No clock shall die before its time

Since 1973, Charles Sink has repaired old watches and clocks at the Ellicott City shop

Business Profile Antique Clock and Watch Shop

September 27, 2006|By Karen Nitkin | Karen Nitkin,SPECIAL TO THE SUN

Though several ticking clocks continually mark the minutes and chime the hours at the Antique Clock and Watch Shop in Ellicott City, this crowded, parts-strewn shop seems like a place that time has forgotten.

Owner Charles Sink has no computers in the space he shares with his English Lab, Princess. He doesn't have a cash register and accepts only cash for his work.

But he offers customers old-fashioned attention to detail and a skill set that is as anachronistic as rotary telephones and rabbit ears on televisions - the ability to repair old-fashioned clocks and watches, the ones that rely on balance wheels and pendulums, not batteries.

"I work on what is known as the mechanical templates," he said.

Sink sometimes has to make his own parts, he said. And, if necessary, he will make the tools that make the parts. It's not like you can run to the hardware store and get a winding stem for an 80-year-old watch, he said.

Most of the clocks and watches that Sink repairs date back 50 years, at least.

After he bought the business in 1984, he marked his first job with ticket No. 1. He's now up to No. 9,545.

Restoration of a grandfather clock might start at $225, but every project is different, he said. He has at least one clock that he worked on for a year.

"I spent days and days making the parts," said Sink, who wears a headset with magnifying lenses and smokes continuously as he talks.

Erin Van Bavel, the group sales and marketing manager for Howard County Tourism, said Sink's store is the kind of business that attracts visitors.

"Businesses like his that are small and have been there forever really add to the charm of the area," said Van Bavel. "It's not a huge store, it's a specialty shop."

Sink, 68, was born in Buchanan, Va., with a disability that requires him to use crutches to walk.
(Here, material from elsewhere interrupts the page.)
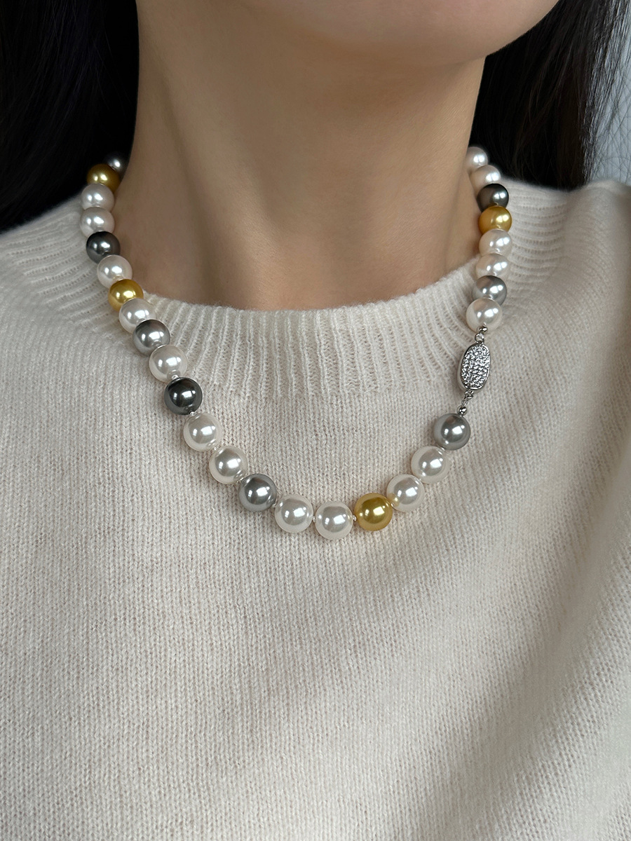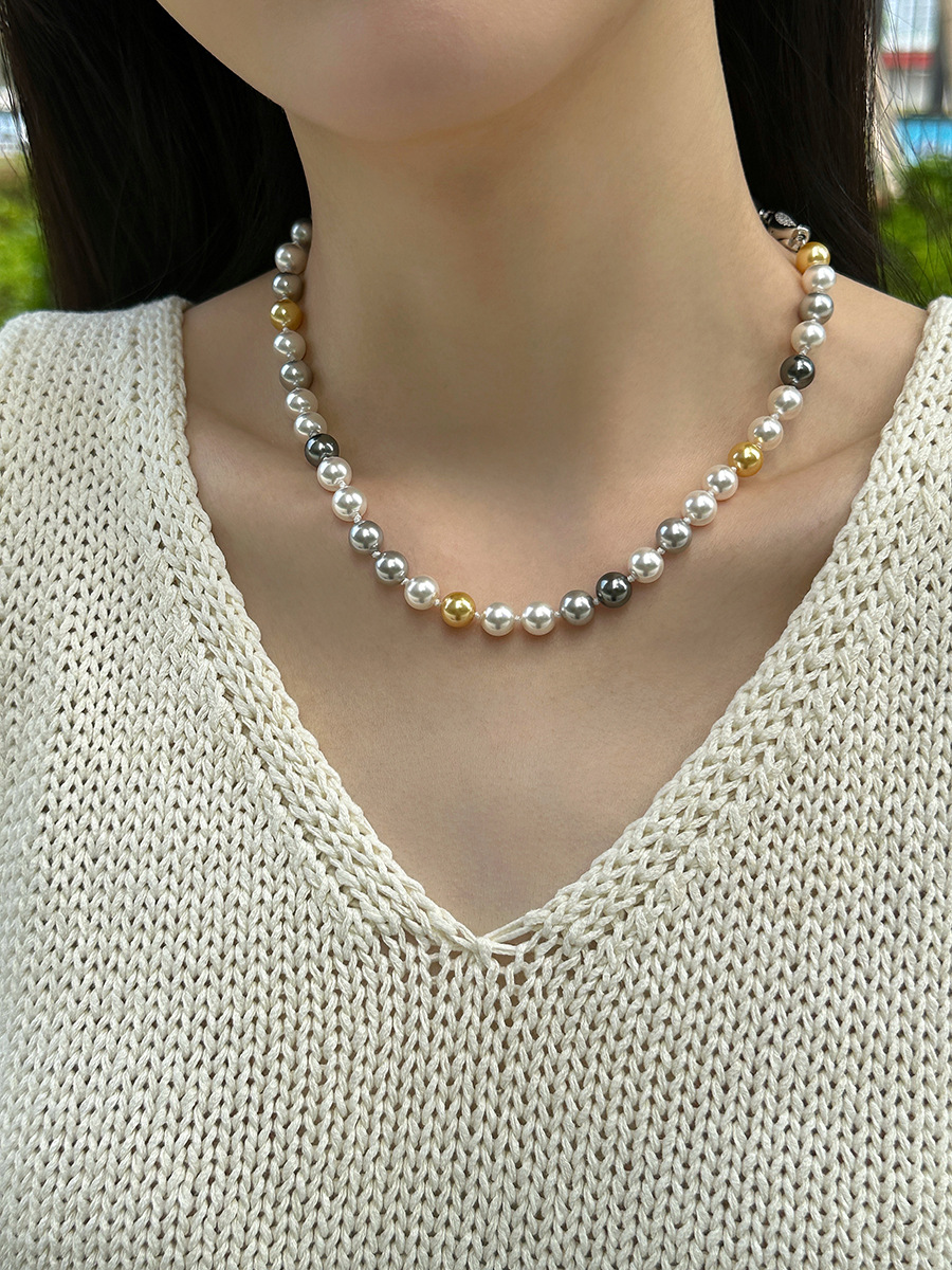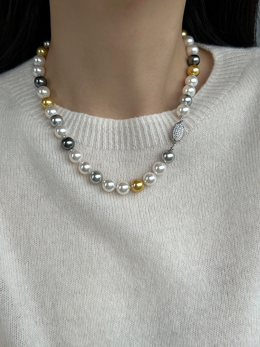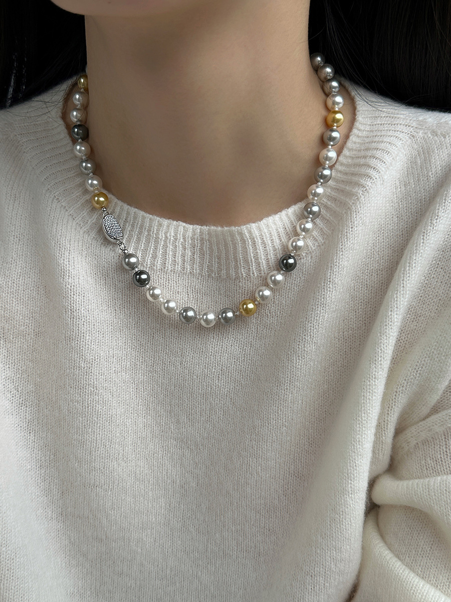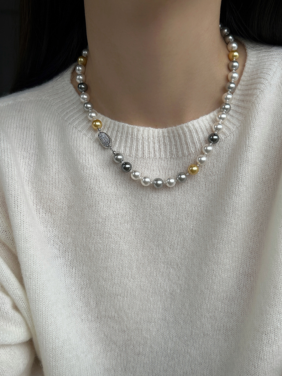 微镶元宝扣糖果色混彩施家珍珠项链女小众设计颈链时尚秋冬毛衣链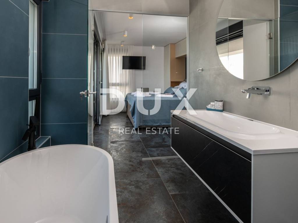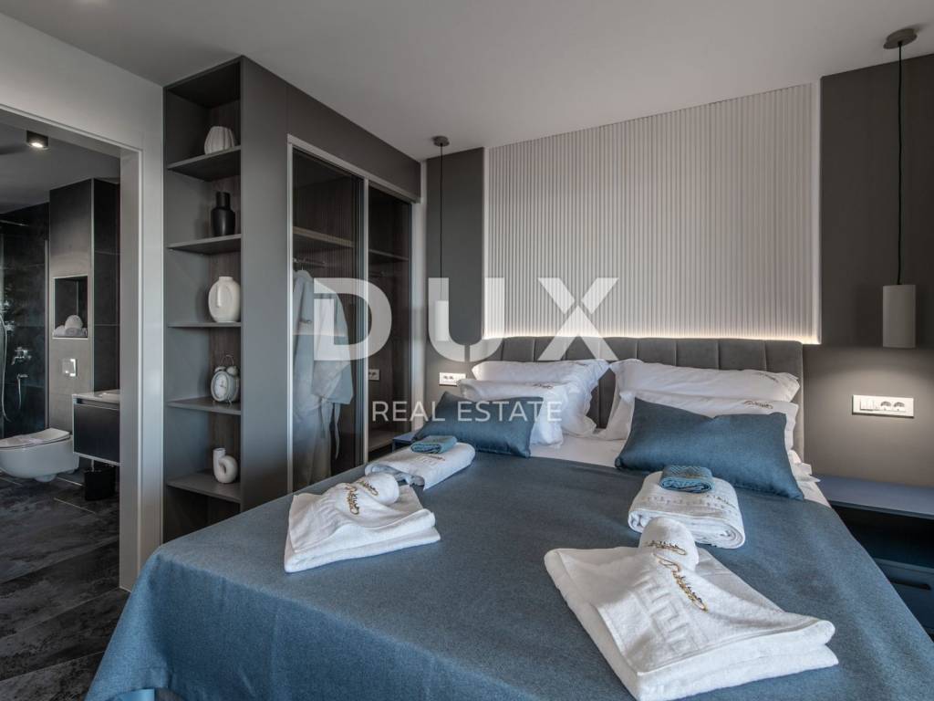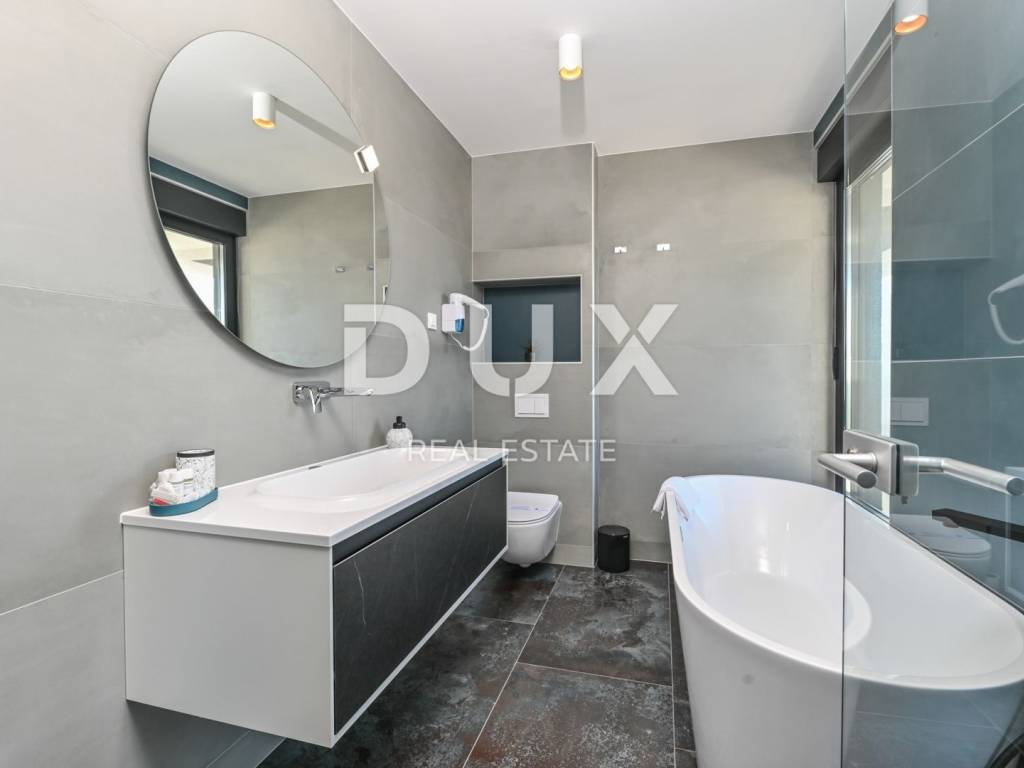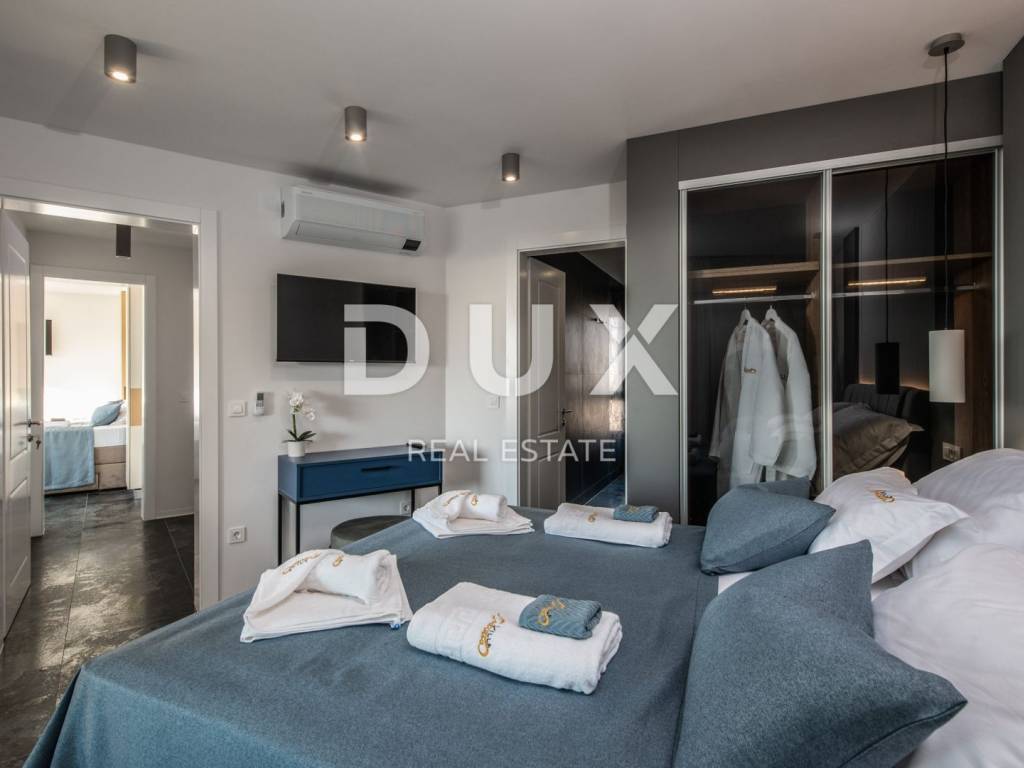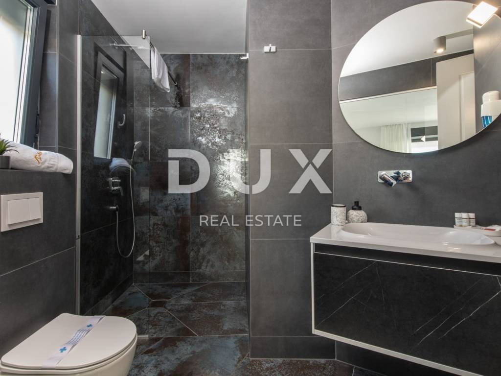 In a quiet location in Novalja, just 500 meters from the sea, there is a modern luxury villa from 2024, divided into two separate residential units. We present to you the first unit (left), which extends over 176.5 m of living space and an additional 35 m of terraces and balconies. This unit offers five spacious bedrooms and five modernly decorated bathrooms, a living room filled with natural light and a fully equipped kitchen and dining room. It stands out with a private 18 m swimming pool, a sunbathing area and a partially landscaped garden, as well as its own sauna and a wellness or fitness area. The interior is decorated in a minimalist style with a touch of luxury, equipped with underfloor heating, air conditioning, smart TVs, fast Wi-Fi and top-quality materials in all rooms, including designer bathrooms and carefully selected furniture. A landscaped garden with a barbecue and an outdoor dining area provides additional space for relaxation, while the view of the sea and the surrounding landscape further contributes to the impression of complete privacy and peace. The villa is located in an ideal position, sufficiently secluded from the city bustle, and yet only a few minutes walk from the center of Novalja, the nearest beach, shops, bakery and bus station to Zrće. Zadar Airport is 86 kilometers away. This property represents an excellent opportunity for luxurious family life, a vacation with a high degree of privacy or an investment in a tourist rental without additional investments, since it is sold fully furnished and ready to use. The island of Pag - an island of stone, salt and unique energy Known as the island of the moon landscape, it is one of the most special pearls of the Croatian Adriatic. Its dramatic beauty stems from the contrast: raw stone and clear sea, untouched nature and dynamic entertainment, millennial tradition and modern luxury. Pag is home to top-notch delicacies - the famous Pag cheese, lamb and salt - but also unique lace, under UNESCO protection. Authentic Mediterranean towns like Pag and Kolan offer peace and tradition, while Novalja and Zrće attract guests from all over the world who are eager for music, life and freedom. The island offers numerous hidden coves, hiking and cycling trails, clear sea and a rich cultural heritage. Whether you come for hedonism, relaxation, exploration or investment Pag offers something special. It is not just a destination it is an experience. Dear potential buyers, we are glad that you are interested in the properties from our offer. For more information and an agreement regarding a property viewing, please feel free to contact us. Property viewing is possible only with the signing of a real estate brokerage contract.

He chose his career partly because he can do it sitting down, he said. He studied horology, or clockmaking, for 8 1/2 years, he said, first at a vocational school and then with the National School of Watchmaking, which is no longer in existence.
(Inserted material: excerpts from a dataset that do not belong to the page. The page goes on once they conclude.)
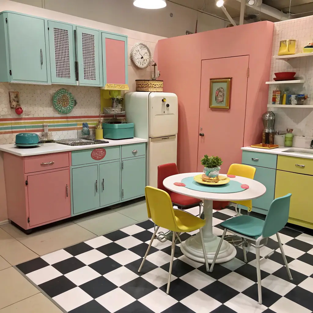 Vintage retro kitchens with colorful dining spaces celebrate personality and nostalgia. These bold designs reject beige and embrace joy through color and pattern.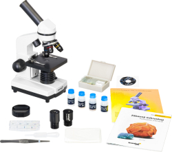 Микроскопът се получава с набор за експерименти Levenhuk K50. Комплектът включва всичко, което може да иска един начинаещ биолог – като се започне с готови за употреба предметни стъкла за микроскоп и се завърши със специални инструменти за подготовка на Ваши собствени образци. В ръководството за потребителя е поместена цялата необходима информация за микроскопа, препоръки и съвети за неговото използване и описания на експерименти.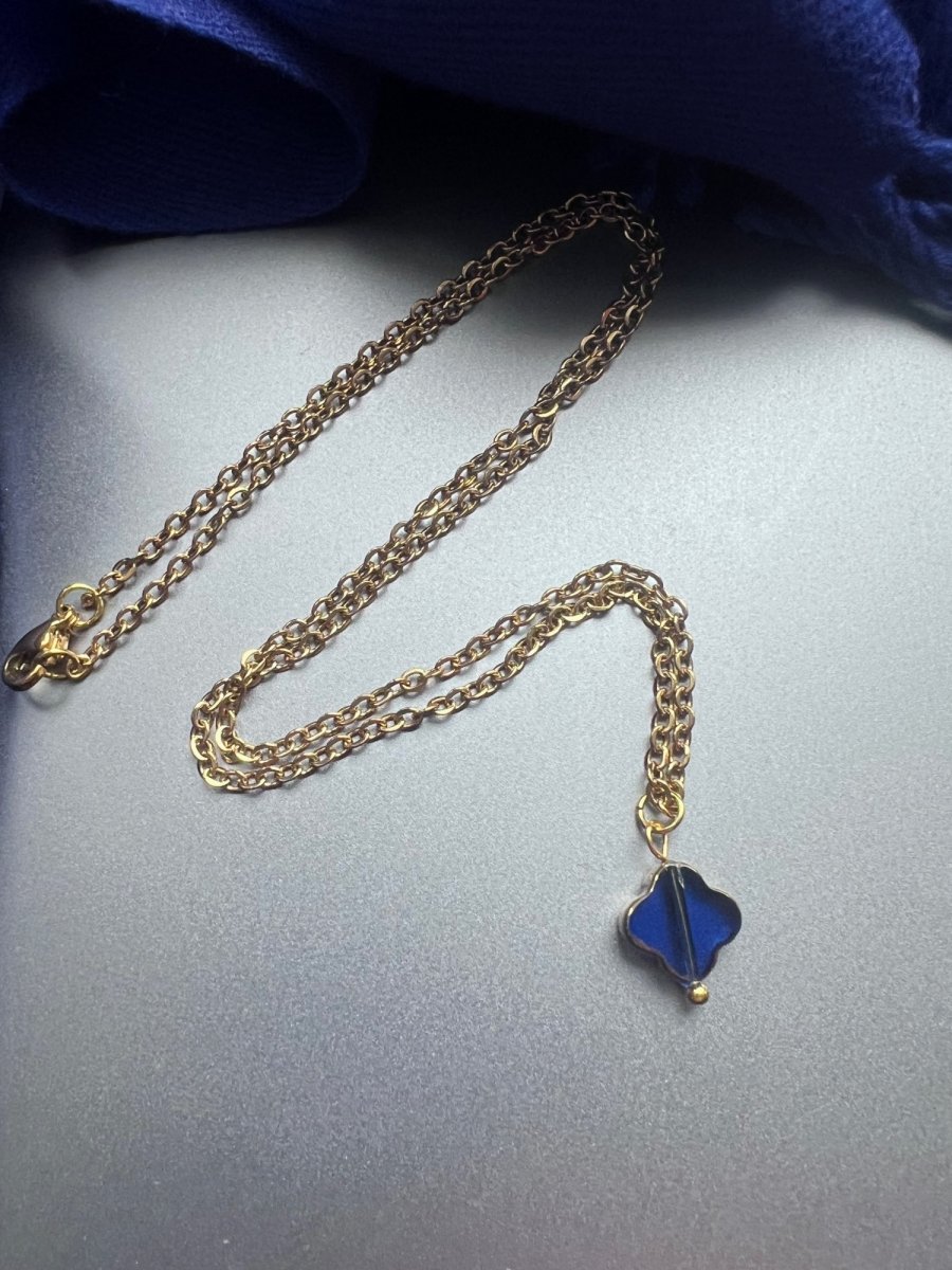 Jemný řetízek s drobným skleněným přívěskem - cca 1cm. Řetízek má délku 45 cm a na zapínání karabinku. Řetízek a veškeré kovové komponenty jsou z pozlacené nerez oceli - nemění barvu a je vhodný i pro alergiky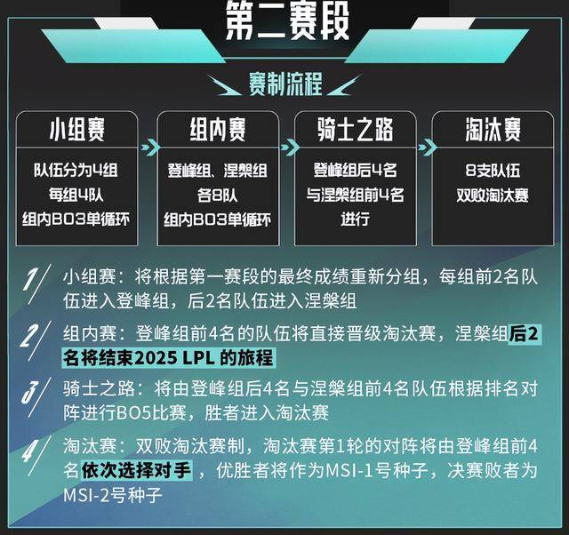 第二赛段则安排在3月至6月,常规赛形式与今年夏季赛类似,分为小组赛、组内赛和骑士之路。然而,这一赛段对于弱队来说尤为残酷,因为排名最后的两支队伍将直接被淘汰,结束全年的比赛。而第二赛段的冠亚军则将获得参加MSI的资格。

For many years, Sink worked for the federal government. He began working in the clock shop in 1973 and took ownership 11 years later. The store occupied two previous Main Street locations before settling in its current location about nine years ago, he said.

For a long time, Sink would work at the shop from 10:30 a.m. to 2:30 p.m., then travel to Washington to work from 4 p.m. to midnight. He did that for 26 years, until he retired from his government job 11 years ago.
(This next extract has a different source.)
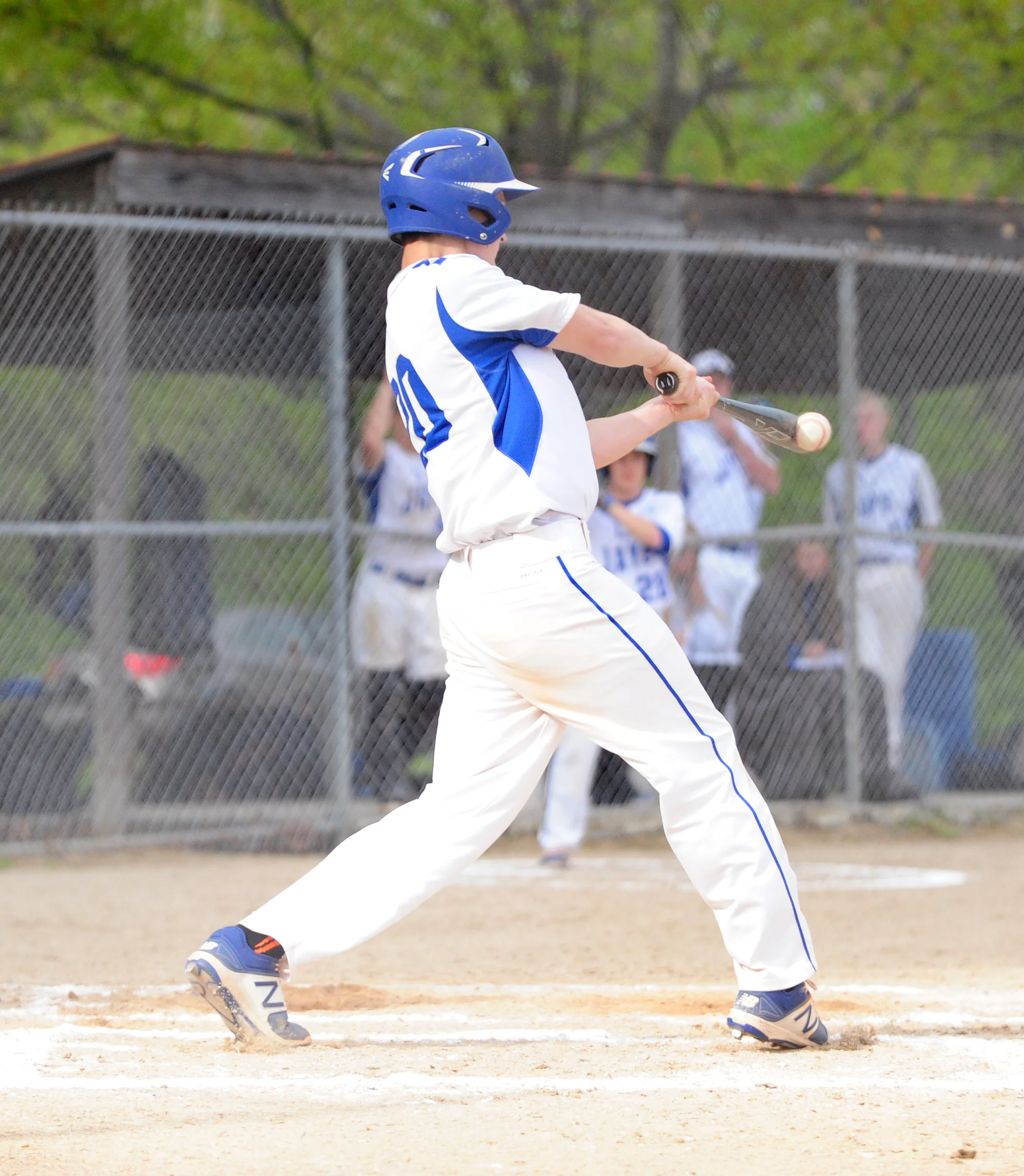 West Platte sophomore Noah Johnson makes contact with a pitch during game one of a doubleheader with Plattsburg on Thursday, April 27 in Plattsburg, Mo.

Now, he works in the shop seven days a week, from 11:30 a.m. to 4:30 p.m. He calls Princess his manager, and says all complaints should be directed to her.

"I take care of her, she takes care of me," he says of his pet.

As he talks, Sink works on a mantel clock from the now-defunct Krober clock company of New York, with a date of 1849 on it. The clock has a glass pane with gold leaf, and the inner workings - the face, pendulum and dial - are silver. The clock isn't running, but Sink is confident it will work once he is finished with it. He estimates that he will spend 12 to 15 hours on it.

Sink purchased the clock at an estate sale and said he has a customer for it. But he won't say how much he bought it for, how much he will sell it for, or anything about the buyer. "I don't divulge anything," he said, squinting through his cigarette smoke.

Most of the people who purchase mechanical clocks are dealers, he said. Most people don't want to deal with them because they need to be wound, and because they are not as accurate as modern clocks and watches.

Still, he said, "there will always be people who have enough interest to keep it going."

Sink, it turns out, wouldn't be a good customer for his own business.

He hasn't worn a watch in 40 years, he said, and the only clocks in his house are on his television and videocassette recorder.

The Antique Clock and Watch Shop is at 8435 Main St., Ellicott City. 410-465-6226.